Avi Arad, head of Marvel Studios, was not very specific in the call but did say that current licensed films are moving forward well (including F4-2 and Spiderman 3), and they are going full speed ahead with the slate of self-produced films for 2008 but will wait to see which looks most promising for first release as scripts and talent are identified.

So what do I do with these MVL shares? I still think their self-produced films can be a huge boost to income, and I still think their slate of films over the next two years should drive better toy and licensing revenue than they're expecting.
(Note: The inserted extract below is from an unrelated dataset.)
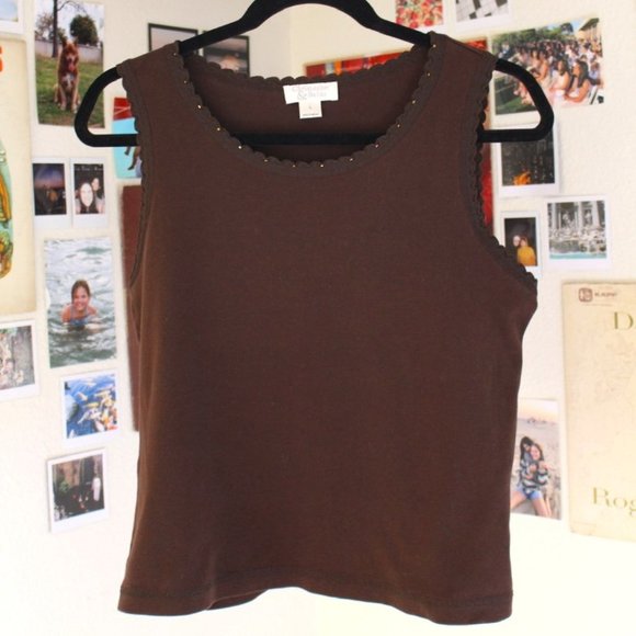 Dark brown tank top with cute discrete beading around the neck line. Fits more like a medium.

I appreciate that they have lowballed the projections because they want to be very conservative, but I hope they're aiming high while guiding low.

I'm going to hold the shares that are now sitting at a small loss, and if the market accepts their projections about 2006 performance and continues to beat the stock down, I'll have to reassess and see whether I think buying more shares makes sense. I see at least one blockbuster hit in each of the next two years (Xmen 3 and Spiderman 3) which I think will help drive licensing performance higher, and I'm hoping that the toy problems they've had this year can be resolved and the segment performance will improve. The downside seems awfully limited to me, I see no reason to sell.